● WHAT IS NEEDED: Pictures do not belong in the copy. Write out exactly the lines from the one containing "もみじをテーマに装飾されたク" through the end of the data.

● DATA FOR ANALYSIS:
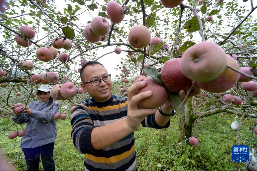 10月21日,在貴州省威寧彝族回族苗族自治縣牛棚鎮龍山種植專業合作社的蘋果園,曹杰(右)和村民一起采摘糖心蘋果。
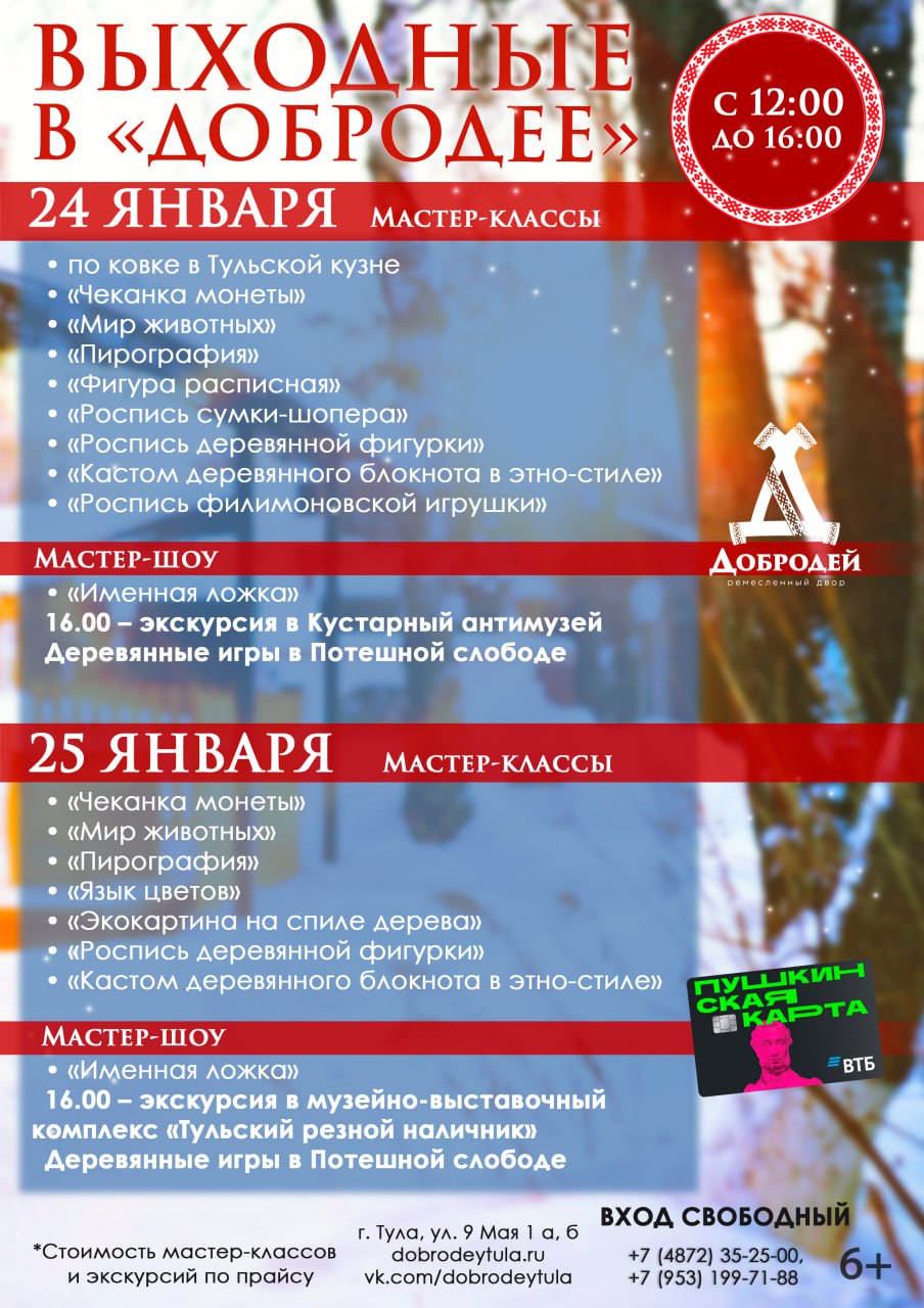 24 и 25 января добродеи приглашают детей и взрослых на творческие и ремесленные мастер-классы.
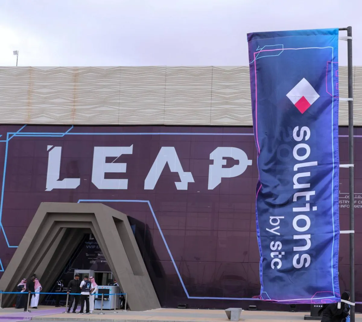 صورة من معرض «ليب 24» المقام بالعاصمة السعودية الرياض يظهر بها شعار شركة «سلوشنز» (إكس)
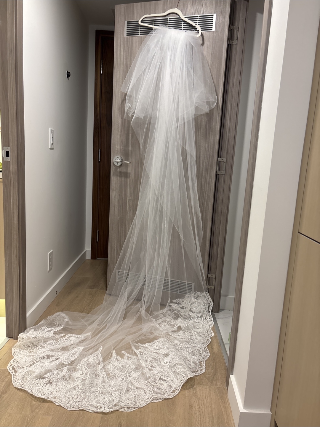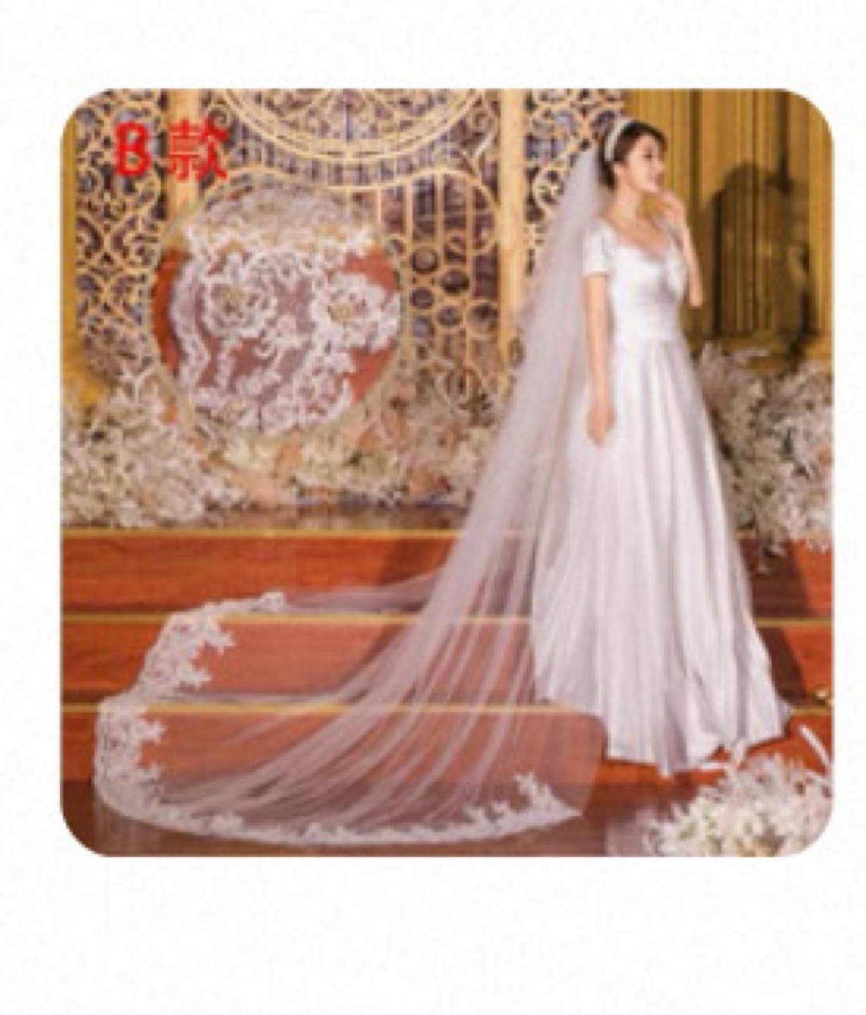 A wedding veil. 3 meter long style. Features a delicate lace trim. The lace details add a touch of elegance. You can imagine yourself floating down the aisle, wearing it.
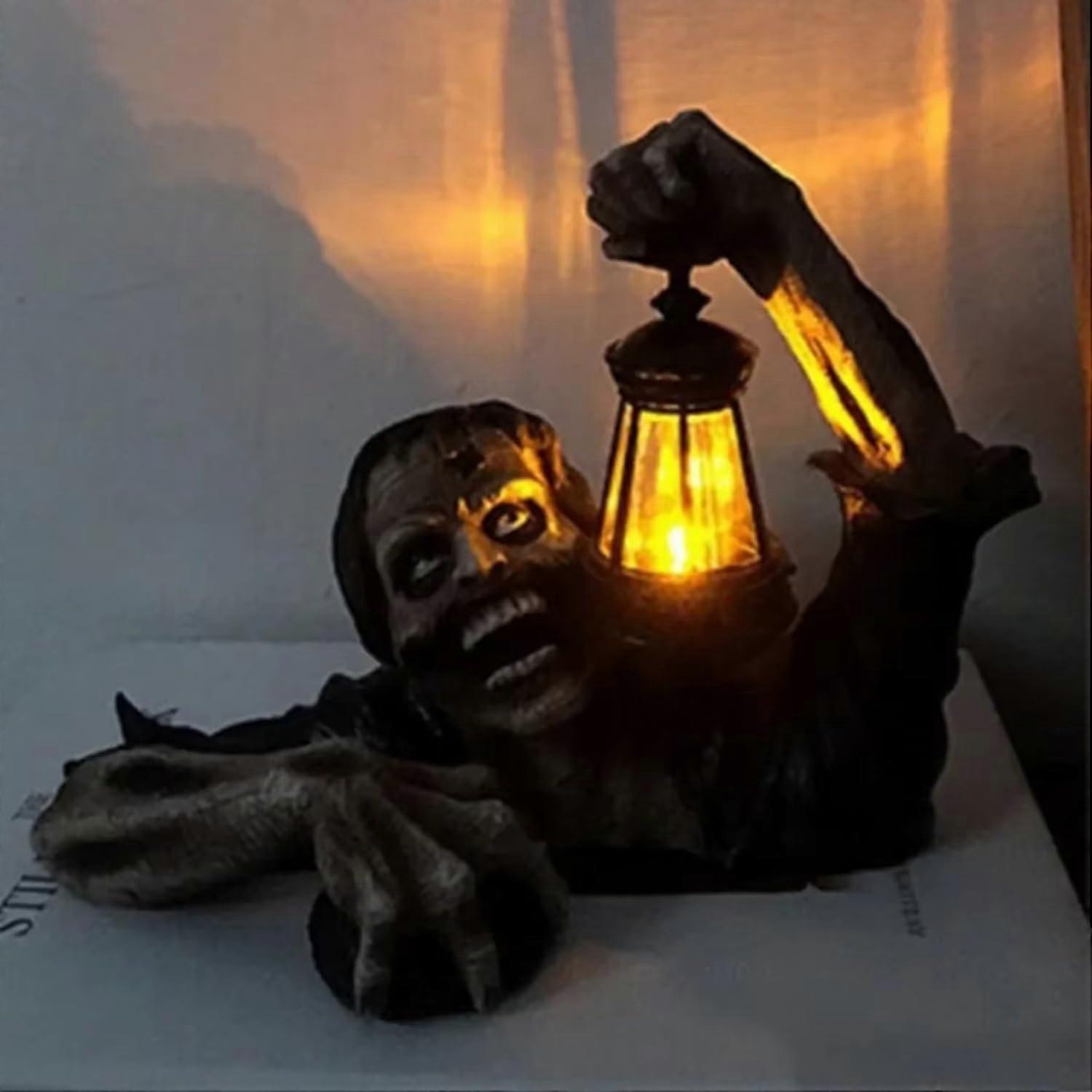 LED Zombie Lantern Halloween Crawling Horror Decor Scary Holding Lantern Zombie Outdoor Figurine Light Yard Lawn Garden Decorate
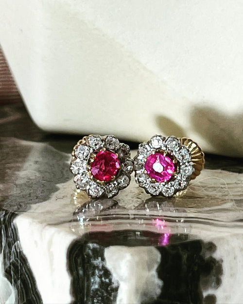 Antique Victorian Old Mine Cut Diamond Halo Earrings 18K Gold
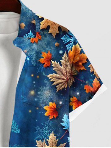 Plus Size Christmas Ombre Snowflake Galaxy Maple Leaves Print Button Pocket Shirt For Men - Blue - 2xl
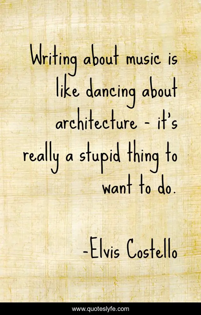 This page presents the quote "Writing about music is like dancing about architecture - it's really a stupid thing to want to do.". Author of this quote is Elvis Costello. This quote is about music, writing,.
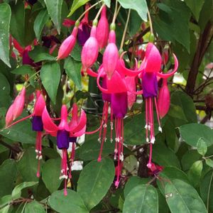 下向きに花を咲かせる花姿が とっても可憐なフクシアです。 このフクシアは 日本で開発されたエンジェルス イヤリングと言う品種です。 一般的にフクシアは夏の暑さが苦手ですが この品種は 耐暑性が強く10月〜11月に再び花を咲かせます。 日当たりの良い所では冬越しも可能なほど丈夫です。 南アメリカ原産。 アカバナ科フクシア属の多年草。
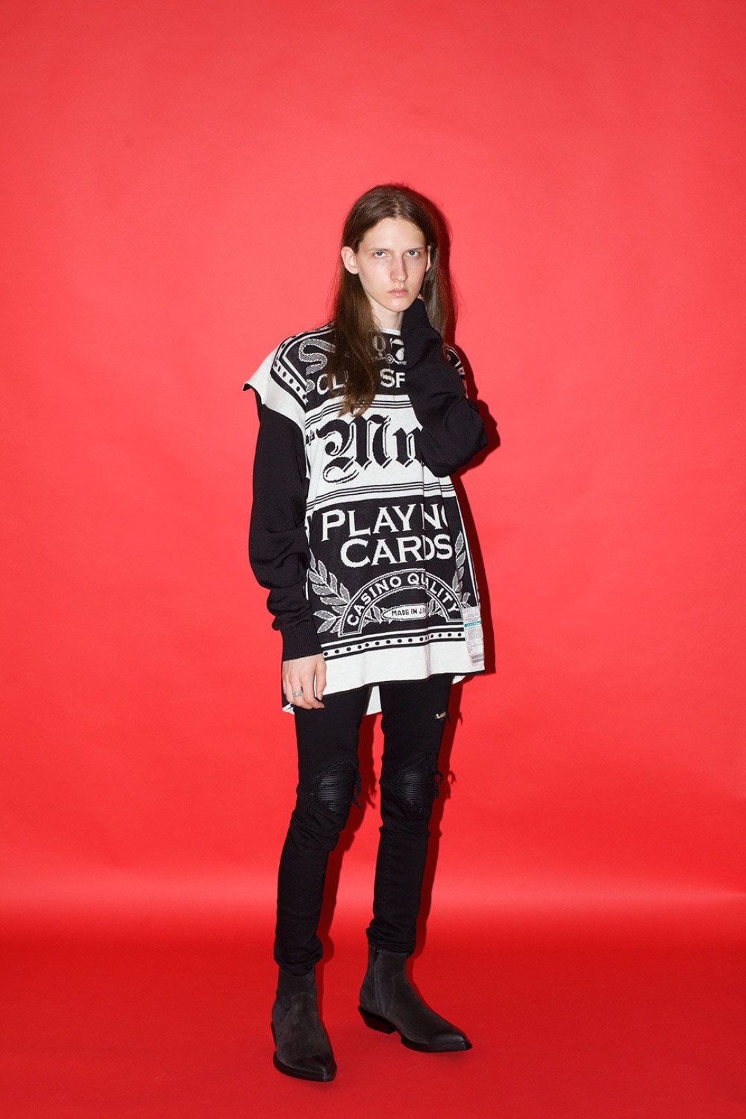 В новой коллекции молодой дизайнер Михара Ясухиро концентрируется на реконструированных и детализированных моделях одежды и аксессуаров. Вдохновившись искусством аутсайдеров, прогрессивный японец из двух рубашек кроит одну, а потом пришивает к ней галстук, подтяжки или поясную сумку. Среди хитов – соединенные с футболками худи и созданные из нескольких пар джинсы. Кроме того, для этой линейки Ясухиро разработал принты коробок с игральными картами и кубиками, колеса рулетки, лотерейные билеты и логотипы несуществующих компаний, которые он нанес практически на каждую вещь.
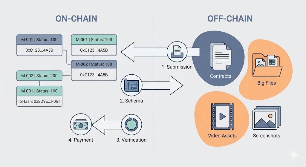 After: I set the schema. They see the rules upfront. They submit proof in my format. The system checks the code verifies the hook and releases the funds away.
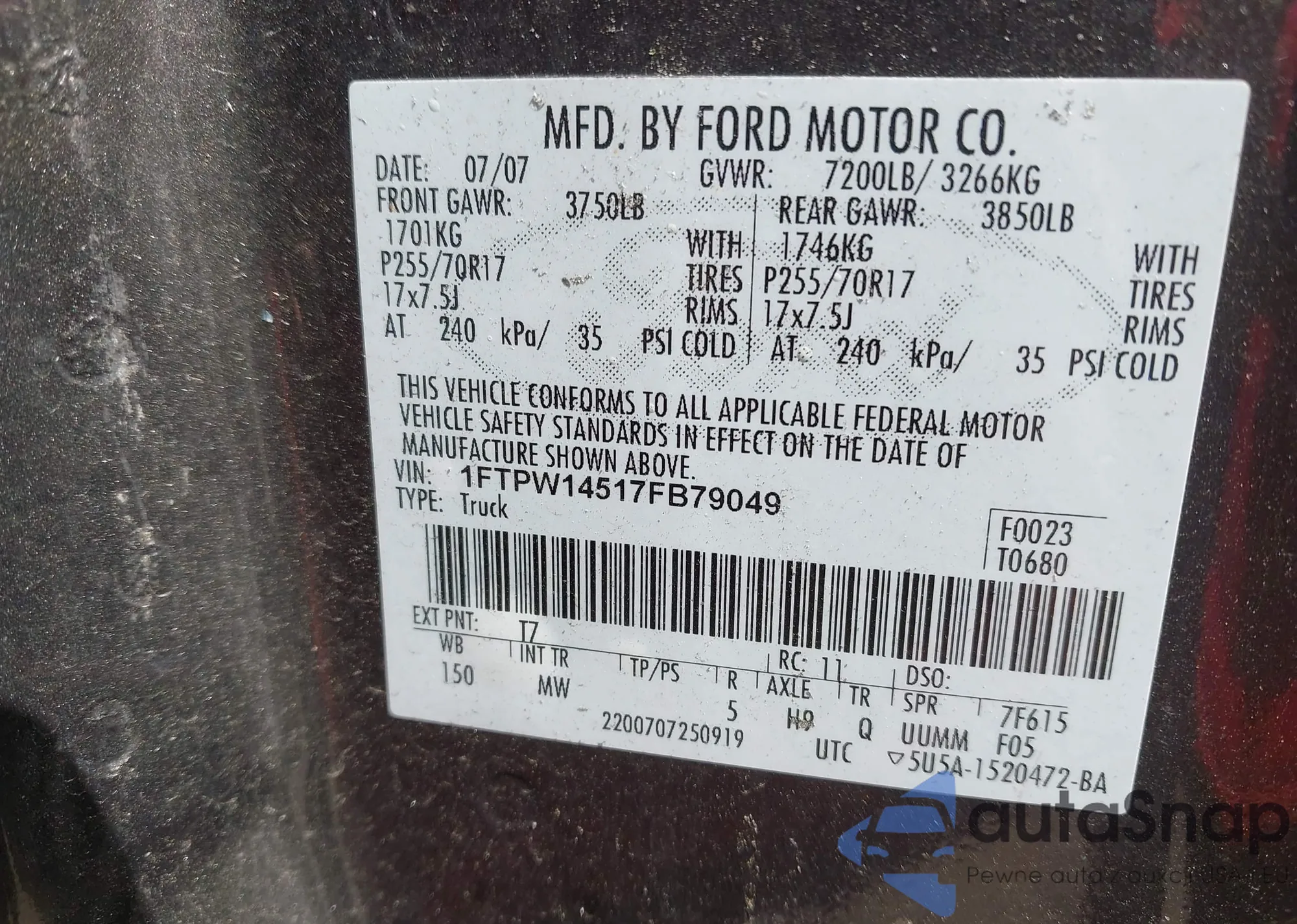VIN: 1FTPW14517FB79049
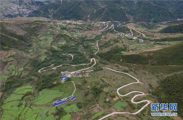 金陽(yáng)縣天地壩鎮(zhèn)通往吉史里口村易地扶貧搬遷集中安置點(diǎn)的道路(6月7日攝,無(wú)人機(jī)照片)。坐落在金沙江畔的四川省金陽(yáng)縣是國(guó)家級(jí)深度貧困縣,境內(nèi)群山連綿起伏,海拔落差大,眾多村寨處于高山或者高半山上,道路施工難度大。近年來(lái),當(dāng)?shù)卣畬⒔煌ㄗ鳛槊撠毠?jiān)的先導(dǎo)性工程,路越修越寬、越修越好,成為當(dāng)?shù)厝罕姷拿撠氈赂宦?。截?019年底,金陽(yáng)縣實(shí)現(xiàn)所有鄉(xiāng)鎮(zhèn)通油路、建制村通硬化路,鄉(xiāng)道里程達(dá)329.9公里,村道里程達(dá)866.8公里。新華社記者江宏景攝
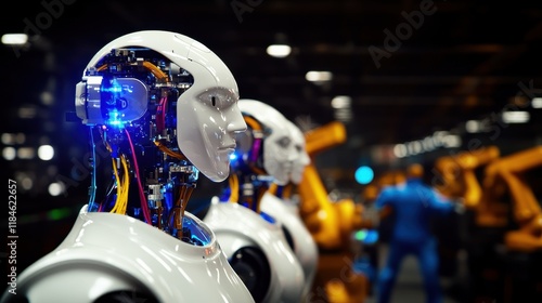 Naklejka premium Advanced robots with glowing circuits work in an industrial setting,...
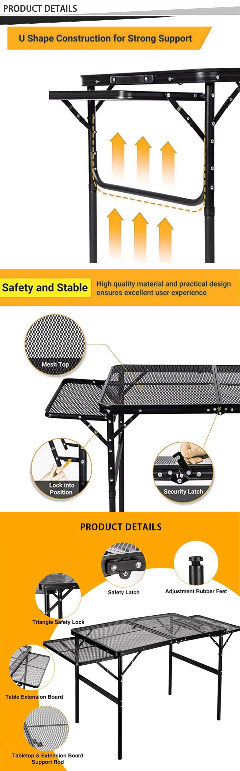 1. Conception de table de camping pliante : la conception pliante de la table est pratique à transporter et permet d'économiser de l'espace. 2. Facile à assembler, aucun autre outil n'est nécessaire et la table peut être assemblée en quelques secondes seulement, économisant du temps et des efforts. 3. Super durable et stable : fabriqué en alliage d'aluminium de haute qualité, robuste et durable, imperméable et facile à nettoyer. 4. Service personnalisé : vous avez le choix entre différentes tailles et couleurs, et vous pouvez également personnaliser le logo. 5. Polyvalent: particulièrement adapté aux activités de plein air, utilisé comme table de camping en plein air, randonnée, pique-nique, barbecue, table de pique-nique, pêche, plage et utilisation intérieure.
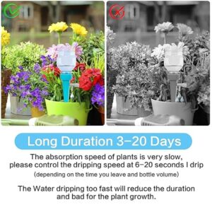 - Automatic watering set: you just need to insert the spikes into the soil and adjust the drip speed so that the flower pot bottom stays moist all the time. And we will have a long needle as a gift part.
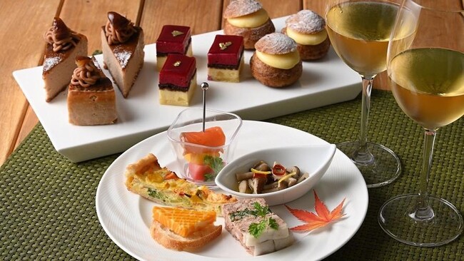 もみじをテーマに装飾されたクラブラウンジにて、秋の恵みを使ったスイーツとオードブルをお楽しみください。
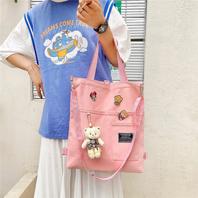 韩版大容量帆布女包 2021新款单肩包潮流甜美斜挎...
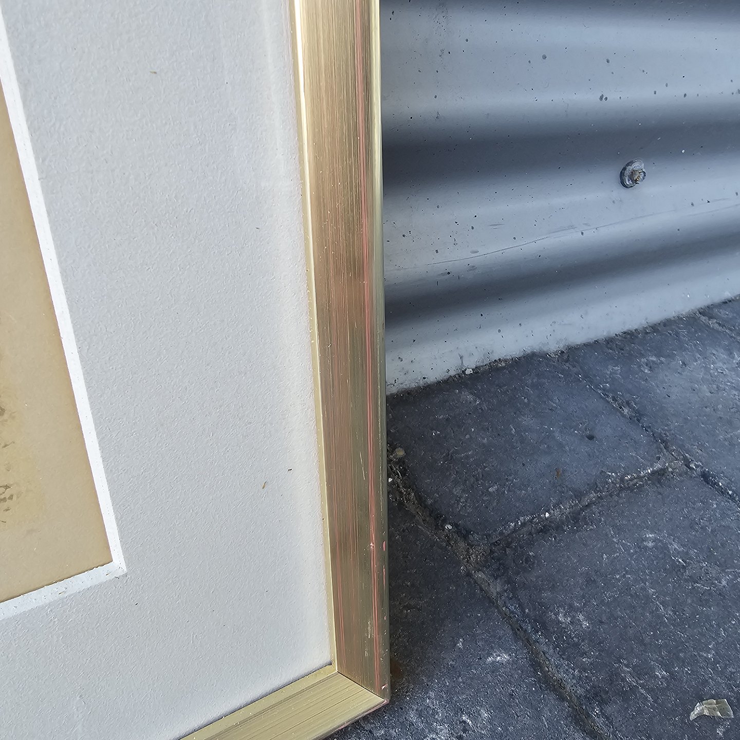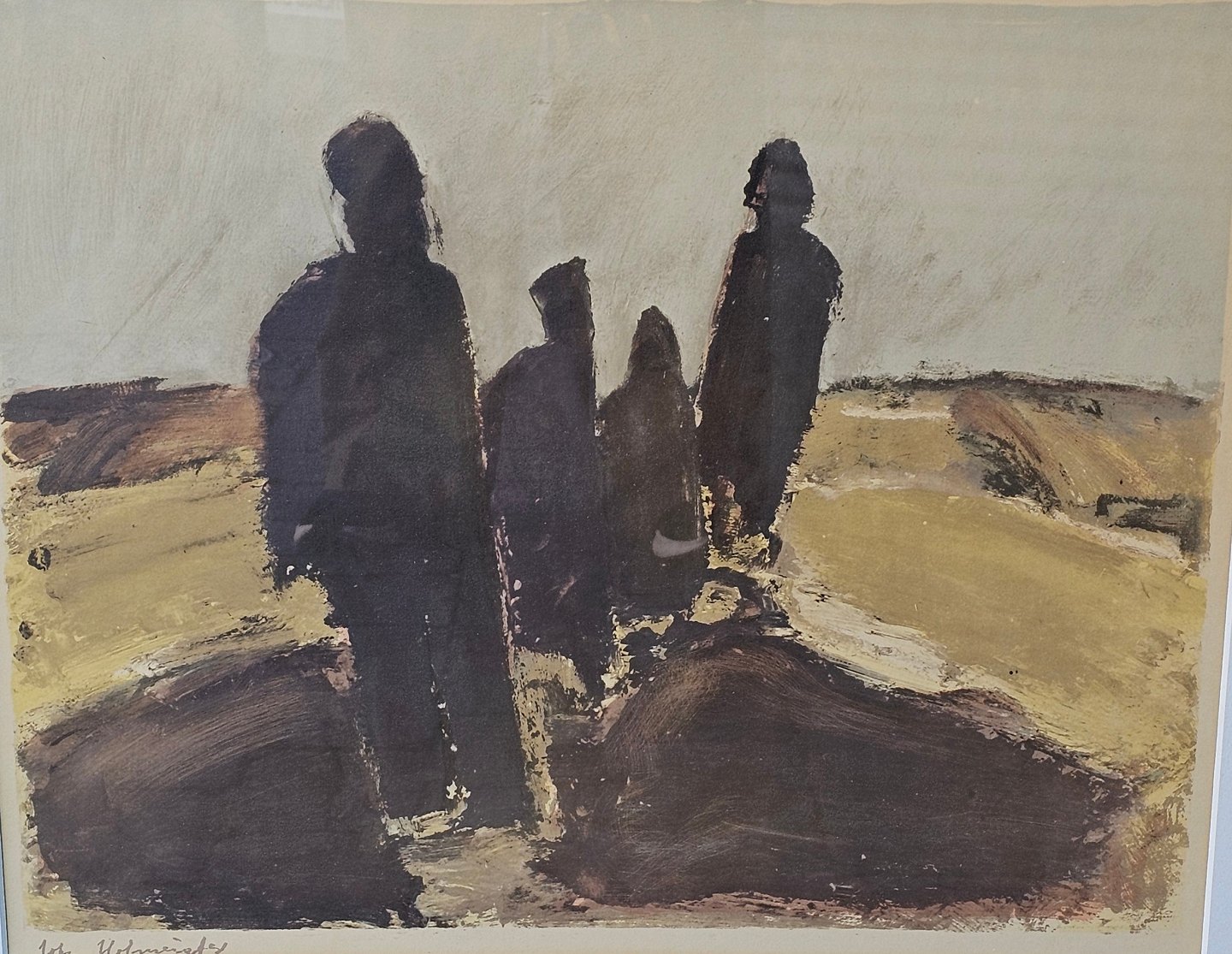Litografi med motiv af mennesker på en hede monteret i guldmalet træramme
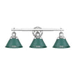Bring industrial elegance into your home with the Yep by Golden Lighting Orwell 3-light Vanity. Featuring a metal shade and a chrome frame, it creates a welcoming atmosphere. The pine green metal shade boasts a velvety matte finish, absorbing light and imparting a rich, saturated color. Brilliant and timeless, the polished chrome finish offers a crisp, clean look that easily integrates into diverse decor styles. Ideal for brightening bathrooms, this light provides flattering and practical task illumination. Rated for damp locations, it is suitable for covered and semi-enclosed spaces like bathrooms and laundry rooms. Requires 3 E26 Medium base bulbs (not included), each with a maximum wattage of 100, ensuring plenty of light for all your grooming needs. With overall dimensions of 27.25"W x 9.88"H x 8.5"D, this light fixture complements your vanity perfectly. Upgrade your bathroom with a blend of style and function.

● RESULT OF THE EXERCISE:
 もみじをテーマに装飾されたクラブラウンジにて、秋の恵みを使ったスイーツとオードブルをお楽しみください。
 韩版大容量帆布女包 2021新款单肩包潮流甜美斜挎...
Litografi med motiv af mennesker på en hede monteret i guldmalet træramme
Bring industrial elegance into your home with the Yep by Golden Lighting Orwell 3-light Vanity. Featuring a metal shade and a chrome frame, it creates a welcoming atmosphere. The pine green metal shade boasts a velvety matte finish, absorbing light and imparting a rich, saturated color. Brilliant and timeless, the polished chrome finish offers a crisp, clean look that easily integrates into diverse decor styles. Ideal for brightening bathrooms, this light provides flattering and practical task illumination. Rated for damp locations, it is suitable for covered and semi-enclosed spaces like bathrooms and laundry rooms. Requires 3 E26 Medium base bulbs (not included), each with a maximum wattage of 100, ensuring plenty of light for all your grooming needs. With overall dimensions of 27.25"W x 9.88"H x 8.5"D, this light fixture complements your vanity perfectly. Upgrade your bathroom with a blend of style and function.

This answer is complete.